Brigar por tudo não, mas às vezes é preciso
impor limites
Não quero defender a idéia de que devemos brigar por tudo,
mas saber impor limites e nos fazer respeitar quando alguém nos
invade, nos machuca, deve ser entendido como saudável e não
como mais fonte de brigas. Se a briga acontece porque você demonstrou
que não gostou de uma acusação, uma palavra ou gesto
que te ofenderam, na verdade está lidando com uma pessoa imatura
e que não suporta ser contrariada.
Já percebeu que algumas pessoas têm a necessidade de inferiorizar
o outro com brincadeiras inadequadas e desagradáveis? Sabe por
qual motivo agem assim? Em geral para sentirem-se superiores. É
certo com você mesmo agir como se nada houvesse acontecido? E nos
relacionamentos afetivos? Quantas pessoas não sabem nada da vida
do outro? A parte financeira é algo sigiloso até entre os
casais. E sabe o que aconteceu com um casal que conheço? O marido
veio a falecer num acidente e a esposa ficou totalmente perdida e sem
nenhum recurso financeiro, pois nada sabia sobre isso. Quantas histórias
você conhece que aconteceu isso? Se não conhece, saiba que
é muito freqüente.
Outra situação muito comum é de pessoas que buscam
sempre agradar ao outro e cedem em tudo, deixam que o outro escolha a
comida, onde viajar, o filme que irão assistir, e assim, com o
tempo acabam se tornando desconhecidas de si mesmas, sem saber mais o
que gostam. E não é surpresa se o outro deixar de ter a
admiração e atração que tinha por você.
Afinal, onde está aquela pessoa por quem um dia se apaixonou, se
ela se tornou uma extensão dele?
Difícil escolha
Atendi um senhor em meu consultório que durante as férias
sua esposa e os filhos foram viajar e ele ficou. Numa noite foi até
a pizzaria e não sabia qual o sabor da pizza escolher, pois sempre
deixava que a esposa e os filhos decidissem. Inconformado, voltou para
seu carro e decidiu que não voltaria para casa sem escolher aquilo
que queria comer. Demorou quase uma hora, mas conseguiu ouvir a si mesmo
e fazer sua escolha. Depois disso, sempre que vão comprar pizza
ele pede que ao menos dois pedaços sejam com seu recheio preferido.

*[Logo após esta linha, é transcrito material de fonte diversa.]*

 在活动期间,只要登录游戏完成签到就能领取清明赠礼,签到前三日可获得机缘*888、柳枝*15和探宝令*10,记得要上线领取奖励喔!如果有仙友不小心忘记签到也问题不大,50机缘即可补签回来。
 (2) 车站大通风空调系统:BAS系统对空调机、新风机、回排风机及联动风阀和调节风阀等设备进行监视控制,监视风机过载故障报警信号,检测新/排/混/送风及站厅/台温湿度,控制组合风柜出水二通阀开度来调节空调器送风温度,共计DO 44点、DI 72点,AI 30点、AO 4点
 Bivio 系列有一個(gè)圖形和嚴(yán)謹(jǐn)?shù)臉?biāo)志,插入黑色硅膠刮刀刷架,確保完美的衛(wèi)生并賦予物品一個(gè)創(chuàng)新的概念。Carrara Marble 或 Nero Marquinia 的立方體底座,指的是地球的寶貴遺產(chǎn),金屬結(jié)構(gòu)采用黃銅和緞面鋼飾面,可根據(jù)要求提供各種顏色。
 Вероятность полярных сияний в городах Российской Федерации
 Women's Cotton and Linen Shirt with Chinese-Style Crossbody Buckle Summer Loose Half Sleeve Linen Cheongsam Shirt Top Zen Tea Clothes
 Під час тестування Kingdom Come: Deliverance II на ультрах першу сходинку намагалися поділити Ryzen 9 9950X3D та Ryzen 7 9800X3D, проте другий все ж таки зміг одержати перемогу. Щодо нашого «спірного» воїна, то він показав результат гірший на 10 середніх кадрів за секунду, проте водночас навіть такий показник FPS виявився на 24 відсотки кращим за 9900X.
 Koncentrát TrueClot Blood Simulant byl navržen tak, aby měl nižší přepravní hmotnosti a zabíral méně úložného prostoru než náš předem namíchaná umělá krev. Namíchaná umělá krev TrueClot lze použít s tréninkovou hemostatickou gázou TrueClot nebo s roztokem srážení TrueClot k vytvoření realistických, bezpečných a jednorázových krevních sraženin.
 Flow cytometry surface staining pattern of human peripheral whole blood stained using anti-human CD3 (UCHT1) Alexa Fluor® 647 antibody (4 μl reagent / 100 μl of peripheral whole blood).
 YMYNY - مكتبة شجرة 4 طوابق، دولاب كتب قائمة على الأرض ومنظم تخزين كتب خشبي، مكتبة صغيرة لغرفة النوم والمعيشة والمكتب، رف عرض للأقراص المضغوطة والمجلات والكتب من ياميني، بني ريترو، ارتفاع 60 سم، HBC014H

Parece brincadeira, mas isso mostra o quanto nos perdemos até para
fazermos escolhas tão simples como uma pizza, quem dirá
para outras coisas. Sim, é importante cada um ceder em algumas
situações, mas isso não quer dizer fazer o que agrada
apenas para um. Relacionamento é troca, em todos os sentidos. E
aquelas pessoas que estão sempre fugindo de uma conversa mais séria,
evitam falar o que não gostaram para não machucar o outro
ou evitar maiores aborrecimentos, devem pensar no quanto já estão
machucadas, o quanto estão permitindo serem desrespeitadas, talvez
até porque nunca aprenderam a se respeitar. Pense sobre isso.
Não coloque o que sente para debaixo do tapete, pois poderá
chegar um momento em que terá tanta sujeira, que você não
conseguirá sequer mais enxergar o outro na sua frente, e sequer,
a si mesmo. Converse, converse muito sobre tudo, afinal o diálogo
é o que nos faz seres humanos e nos aproxima de quem tanto amamos.